Embracing an enterprise-wide approach to cloud opens the possibility of raising the tooling issue anew and being met with less resistance. We all know we must adopt new approaches to be successful in cloud transformation – by extension we all get to adopt new approaches to security in that transformation as well. As architects, we all get to reflect on several decades of security lessons and learning and no longer take a mere incremental approach to improvement. Along with wholesale enterprise transformation of applications and services to support cloud capabilities we can, and should, be considering wholesale security transformation as well. Cloud encourages compartmentalization and microservices. By that very statement we can encourage compartmentalization of data into better classified buckets, we can embrace microservices with a matching set of fine-grained governance and control mechanisms. Leaders in cloud adoption also attribute their success to a broader adoption of automation throughout the enterprise – and this too offers the opportunity to better address security through marrying automation to controls and validation mechanisms – more quickly identifying outlier problems and behaviours, both of which represent security risks.
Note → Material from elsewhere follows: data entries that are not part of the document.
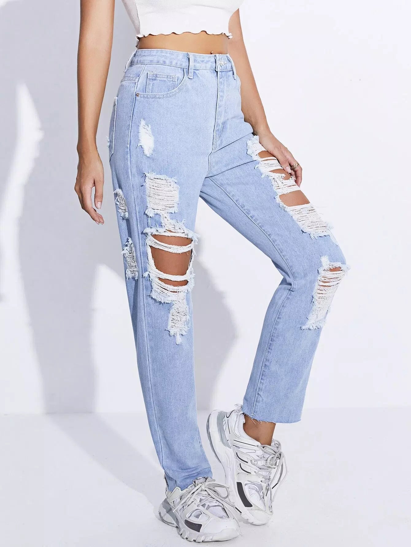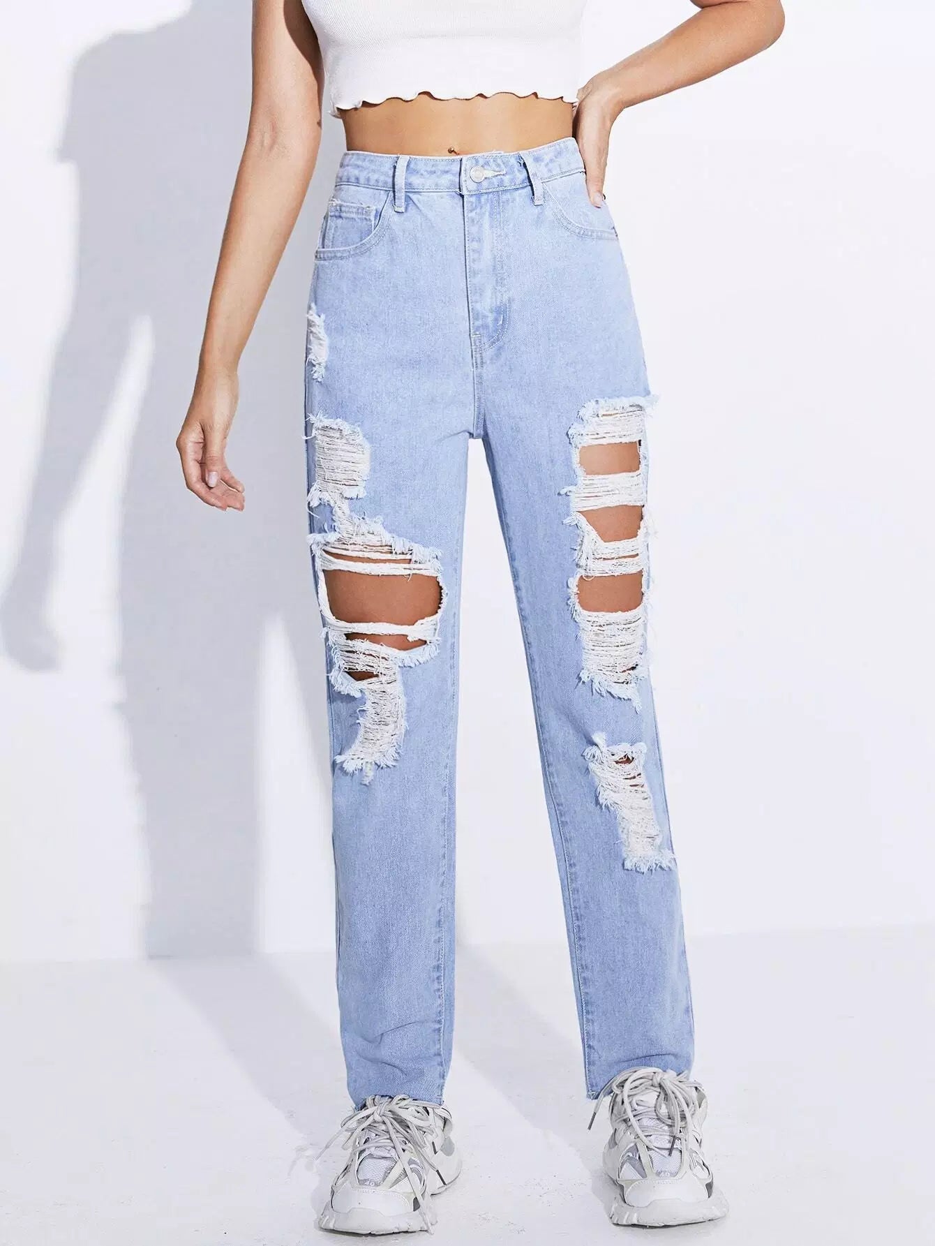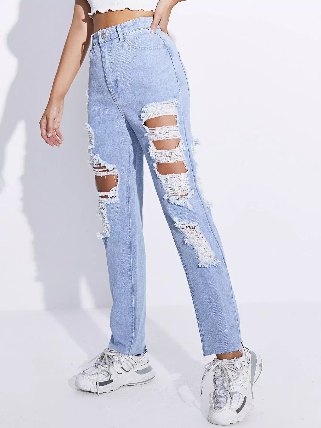 بنطلون جينز عالي الخصر ممزق التفاصيل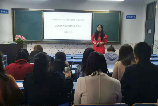 2021年4月2日下午,经济管理系在1-213教室举行了人才培养方案和课程标准制订经验分享交流研讨的教研活动,在活动中,参加过世行贷款甘肃职教项目人才培养方案和课程标准制定培训的王玥老师,陈海峰老师,王友平老师,张宁老师进行了经验分享。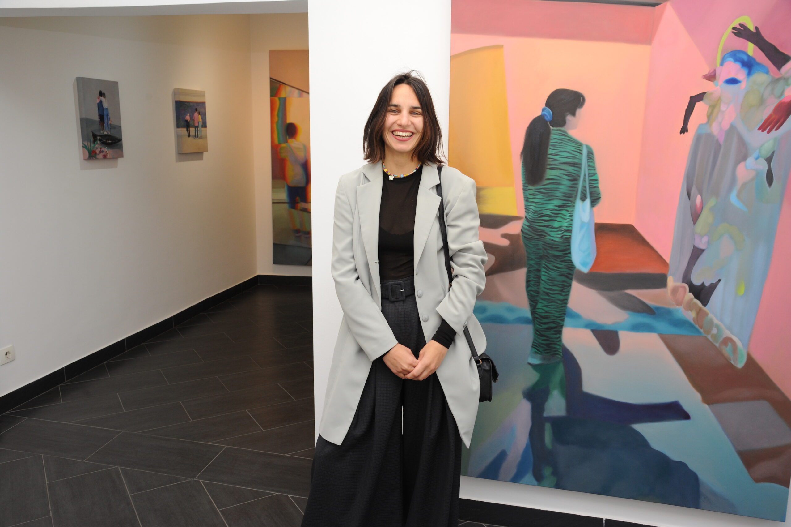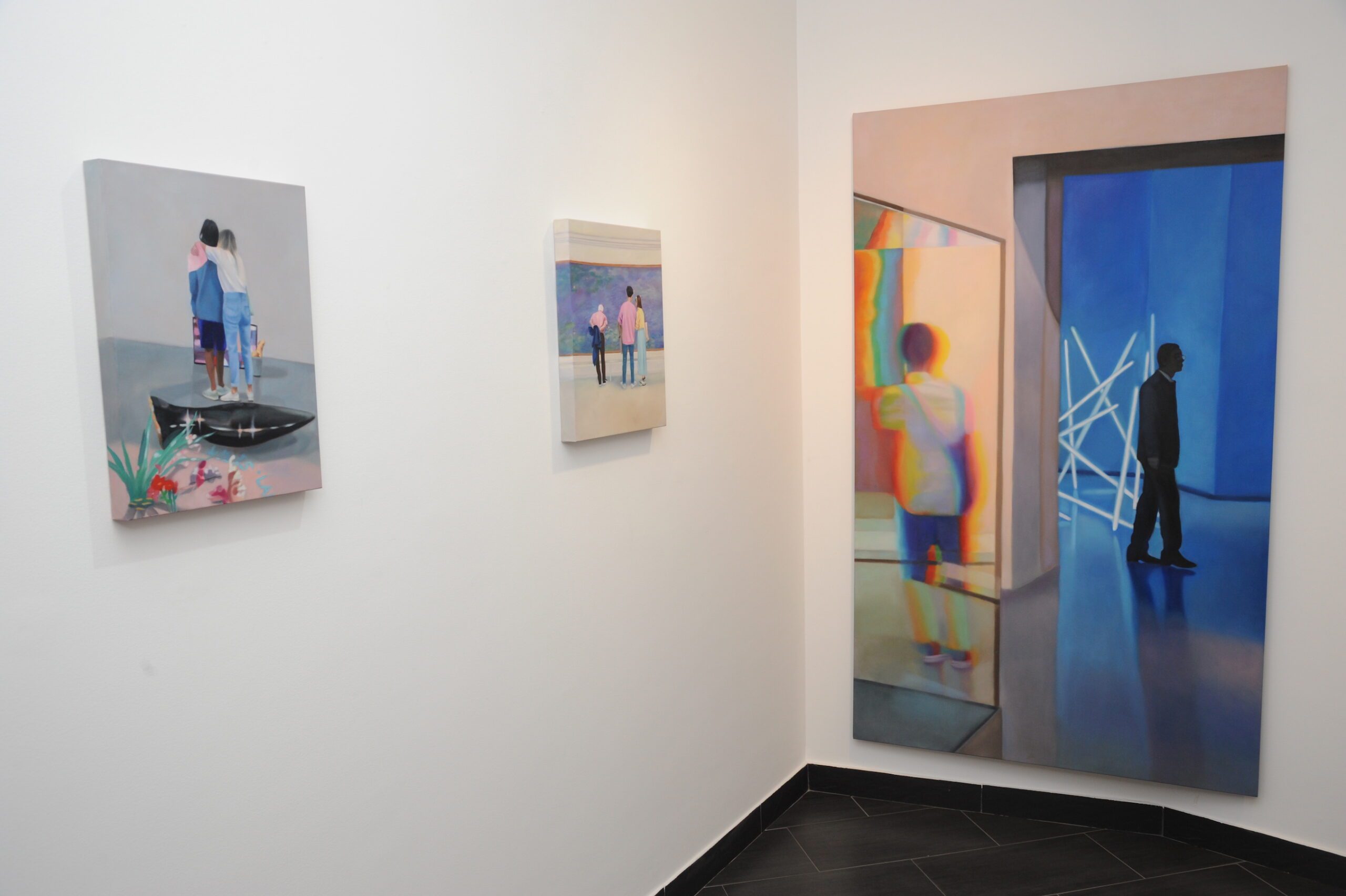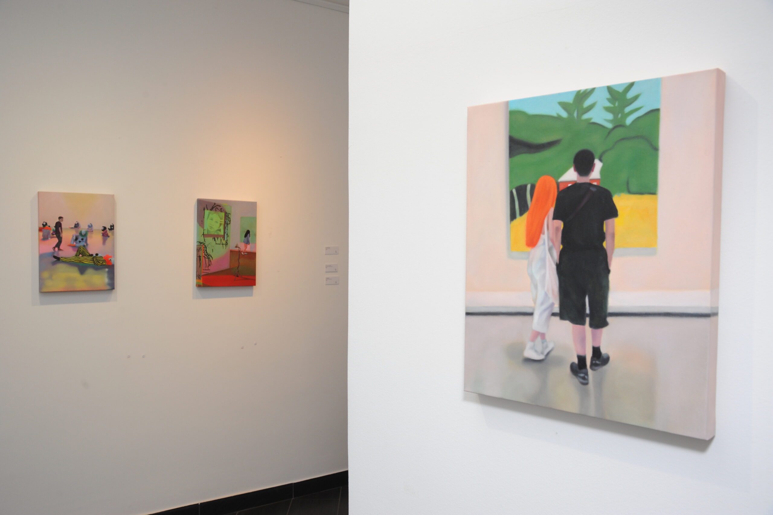 Marija e-mailed me to explain that she conceived the exhibition in 2017 when she photographed in the Museum of Contemporary Art in Paris – Palais de Tokyo – a girl who had asked somebody else to photograph her in front of an artwork. Marija also said she was intrigued by the need of a person to unite with an artwork and thus become a part of that picture/photograph. We can imagine that such a person not only wishes to keep for her/his own sake (on the mobile phone, for example) a photograph of an artwork she/ he cares about, but these persons also want to be re- minded of the moment they were observing that picture by looking at themselves next to that image. This situation might be less moving than the first, but it need not be less interesting. All right, we can say that mostly it is about the commodification of a picture or a situation when that particular person needs such a photograph in order to put it on his/her Instagram and thus enhance his/her social status. Such persons show that art is important for them, that he/she has an outstanding taste for art or, perhaps something else. On the other hand, it could be a person who wants to remember a work of art he/she has seen and cares about. It is interesting that sometimes it is not enough to photograph the location we want to remember but it is much more important to see oneself, one’s own body, facial expression, something we can recognise as “myself at that particular moment”. In this way, the memory of an image and the memory of oneself as a witness to a certain moment, the memory of our physical presence, get overlapped. When a photograph, as a document, becomes an image or a new artwork, it emanates the relations that include us, who are observing the image through the gaze of the person who has composed/photographed the picture, bearing in mind that the person photographed is posing to a completely different lens. That expanded gaze creates a totally different way of observing these pictures.
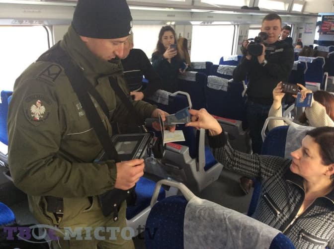На першому рейсі Київ - Львів - Перемишль працювало 18 львівських прикордонників, 5 митників та кінологи з двома службовими собаками – одна шукає вибухівку, інша наркотики. Прикордонники оформлюють документи за допомогою мобільних приладів паспортного контролю. Цей процес триває кілька хвилин. А ось у тих, хто має біометричні паспорти, ще беруть відбиток пальця. Українські прикордонники документи перевіряють до польського кордону, на станції "Мостиська 2" потяг зупиняється і вони виходять. Туди ми прибули о 13:15.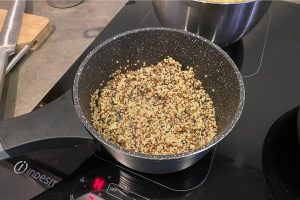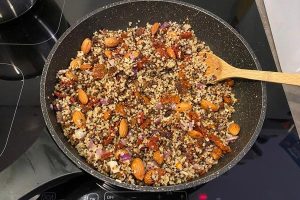 6. Doe de gekookte quinoa in de pan en roer nogmaals goed door.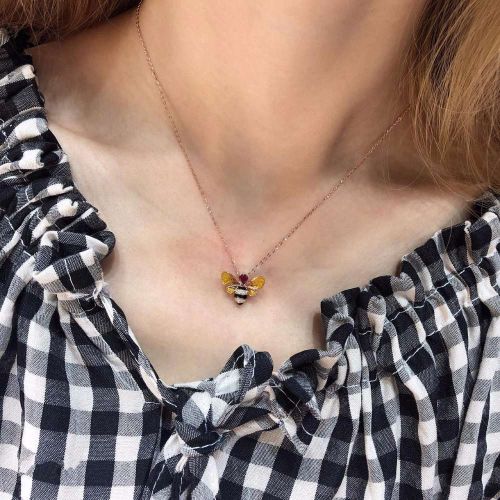 Small bee ruby necklace Chain length 18cm Three adjustment buckles 16 17 18 Can be used as clavicle chain or sweater chain Ring earrings have three sets
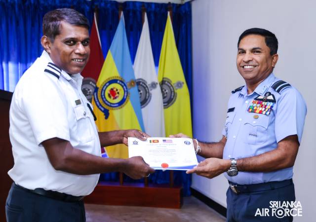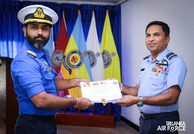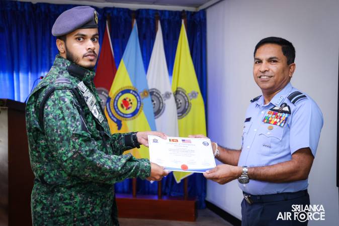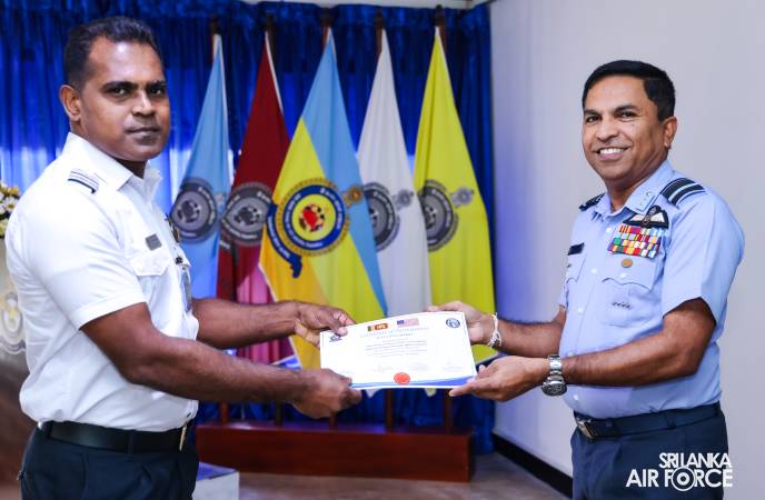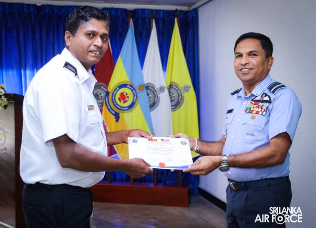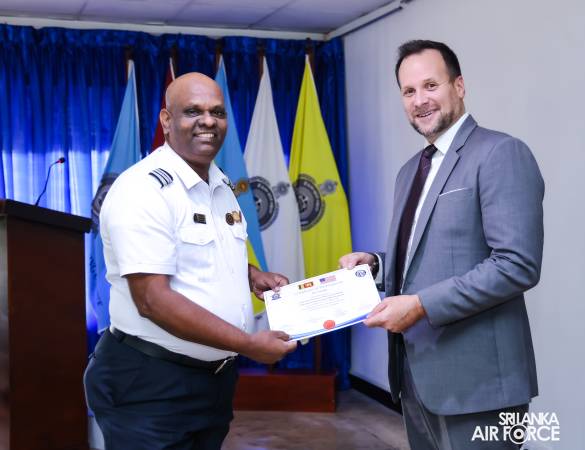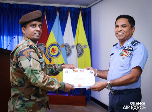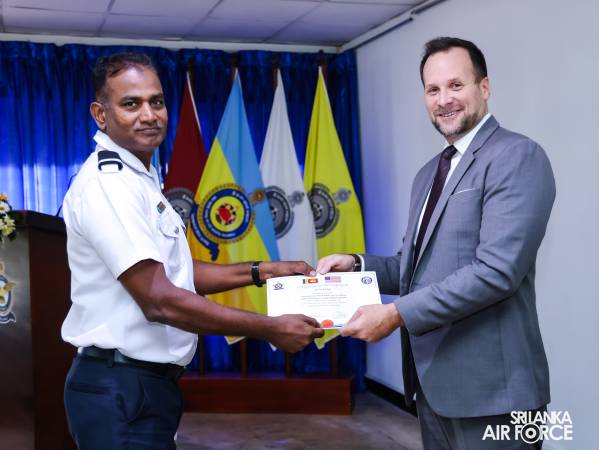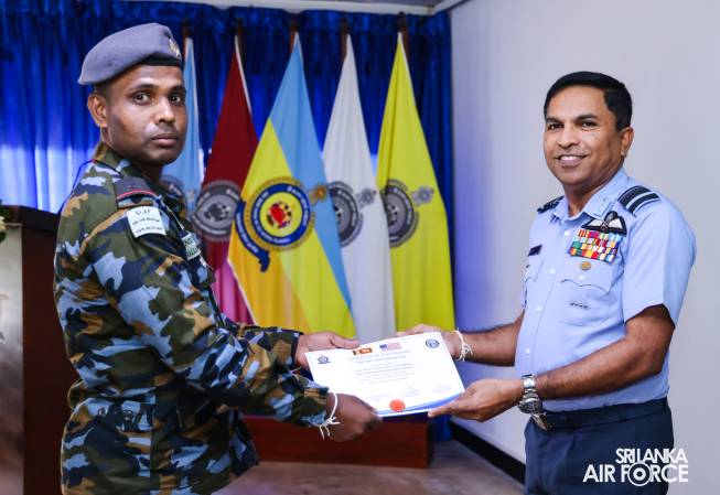 The closing ceremony and certificate awarding were held yrsterday (27 March 2026) at the Fire School, SLAF Base Katunayake. The Director General Air Operations, Air Vice Marshal Dhammika Dias graced the occasion as the Chief Guest. The event was also attended by the Assistant Defence Attaché of the United States Embassy in Colombo, Mr. Seth Nevins, Chief Fire Officer, Group Captain Prasanna Jayawickrama and Commanding Officer of the Fire School and Fire Tender Maintenance Squadron, Wing Commander Nuwan Ranneththi.
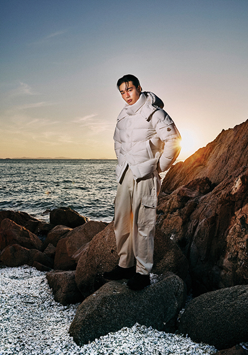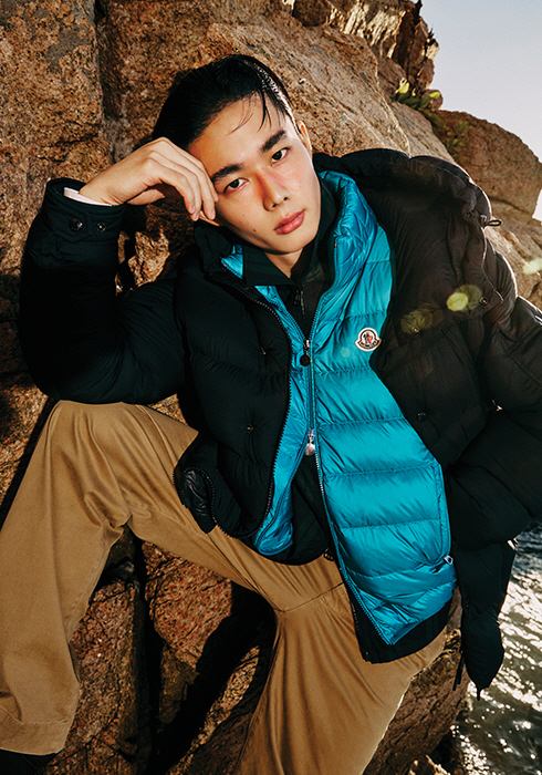 오리지널 다운 퀼팅 재킷을 동시대적 감각으로 재해석한 마야 70 재킷, 빅 포켓이 달린 코튼 소재 팬츠, 트레일그립 GTX 스니커즈 모두 가격 미정 몽클레르 컬렉션.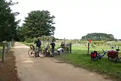 From Anderson to Kilcunda the trail drops 40 metres (130 ft) in height as it winds down through farming country. Here, the gravel path is overgrown and trail users need to negotiate several gates. The rail trail at Kilcunda is built on the coastal sand dunes and incorporates a landmark trestle bridge over Bourne Creek. Path users have panoramic scenic views of the Bass Strait coast and the Wonthaggi Wind Farm that was erected during 2005.

Overall, while October is Security Awareness month, I would argue that the dramatic increase in interest and adoption of cloud technologies through the remainder of this year and into 2017 represent the greatest opportunity for “Security Architecture Improvement” that I have witnessed in my career. We have the rare opportunity with both technology, and executive support to revolutionize every area of our businesses, turn over every rock, and to not accept anything other than complete transformation. As an industry, lets make the most of it.